John W.

How To: Simple Sitemap.xml Generator That Optionally Excludes Children

Recommended Posts


A little guide to generating an sitemap.xml using (I believe) a script Ryan originally wrote with the addition of being able to optionally exclude child pages from being output in the sitemap.xml file.

I was looking back on a small project today where I was using a php script to generate an xml file, I believe the original was written by Ryan. Anyway, I needed a quick fix for the script to allow me to optionally exclude children of pages from being included in the sitemap.xml output.


A good example of this is a site where if you visit /minutes/ a page displays a list of board meetings which includes a title,  date, description and link to download the .pdf file.

I have a template called minutes and a template called minutes-document. The first page, minutes, when loaded via /minutes/ simply grabs all of its child pages and outputs the name, description and actual path of an uploaded .pdf file for a visitor to download.

In my back-end I have the template MINUTES and MINUTES-DOCUMENT. Thus:


So, basically, their employee can login, hover over minutes, click new, then create a new (child) record and name it the date of the meeting e.g. June 3rd, 2016 :




Outputting the sitemap.xml and optionally excluding children that belong to a template.

The setup of the original script is as follows:

1. Save the file to the templates folder as sitemap.xml.php

2. Create a template called sitemap-xml and use the sitemap.xml.php file.

3. Create a page called sitemap.xml using the sitemap-xml template


Now, with that done you will need to make only a couple of slight modifications that will allow the script to exclude children of a template from output to the sitemap.xml

1. Create a new checkbox field and name it:   sitemap_exclude_children

2. Add the field to a template that you want to control whether the children are included/excluded from the sitemap. In my example I added it to my "minutes" template.

3. Next, go to a page that uses a template with the field you added above. In my case, "MINUTES"

4. Enable the checkbox to exclude children, leave it unchecked to include children.

For example, in my MINUTES page I enabled the checkbox and now when /sitemap.xml is loaded the children for the MINUTES do not appear in the file.



A SIMPLE CONDITIONAL TO CHECK THE "sitemap_exclude_children" VALUE

This was a pretty easy modification to an existing script, adding only one line. I just figure there may be others out there using this script with the same needs.

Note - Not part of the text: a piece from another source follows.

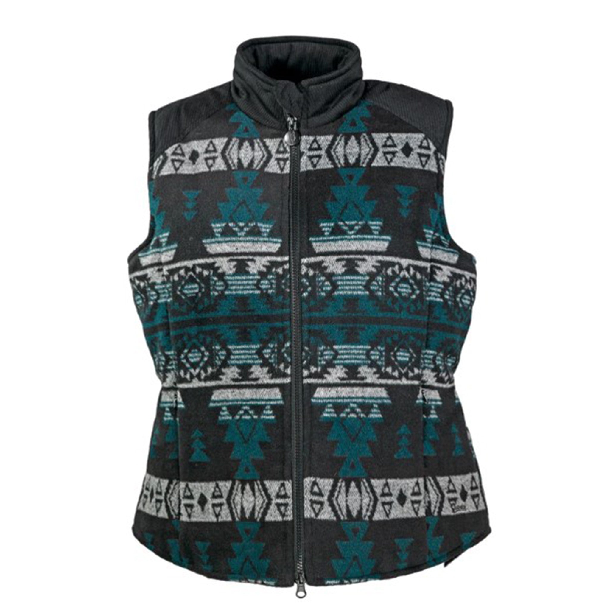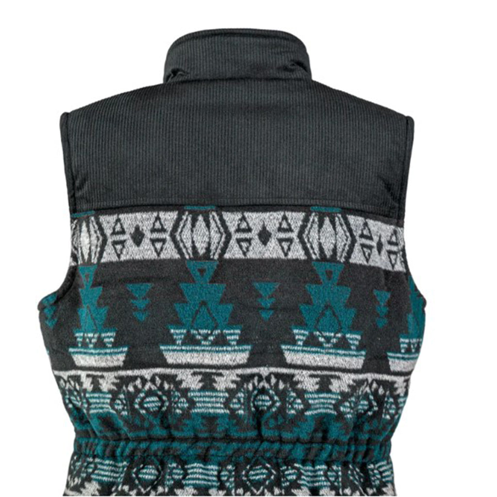 Looking good and taking the chill off at the same time is easy with this Aztec vest. Maybelle features a gathered back, 2-way zipper, zip hip pockets and a dropped tail hem for extra coverage.

I simply inserted the if condition as the first line in the function:

function renderSitemapChildren(Page $page) { 
	if($page->sitemap_exclude_children) return "";





 * ProcessWire Template to power a sitemap.xml 
 * 1. Copy this file to /site/templates/sitemap-xml.php
 * 2. Add the new template from the admin.
 *    Under the "URLs" section, set it to NOT use trailing slashes.
 * 3. Create a new page at the root level, use your sitemap-xml template
 *    and name the page "sitemap.xml".
 * Note: hidden pages (and their children) are excluded from the sitemap.
 * If you have hidden pages that you want to be included, you can do so 
 * by specifying the ID or path to them in an array sent to the
 * renderSiteMapXML() method at the bottom of this file. For instance:
 * echo renderSiteMapXML(array('/hidden/page/', '/another/hidden/page/')); 
 * patch to prevent pages from including children in the sitemap when a field is checked /
 * 1. create a checkbox field  named sitemap_exclude_children
 * 2. add the field to the parent template(s) you plan to use
 * 3. when a new page is create with this template, checking the field will prevent its children from being included in the sitemap.xml output

function renderSitemapPage(Page $page) {

	return 	"\n<url>" . 
		"\n\t<loc>" . $page->httpUrl . "</loc>" . 
		"\n\t<lastmod>" . date("Y-m-d", $page->modified) . "</lastmod>" . 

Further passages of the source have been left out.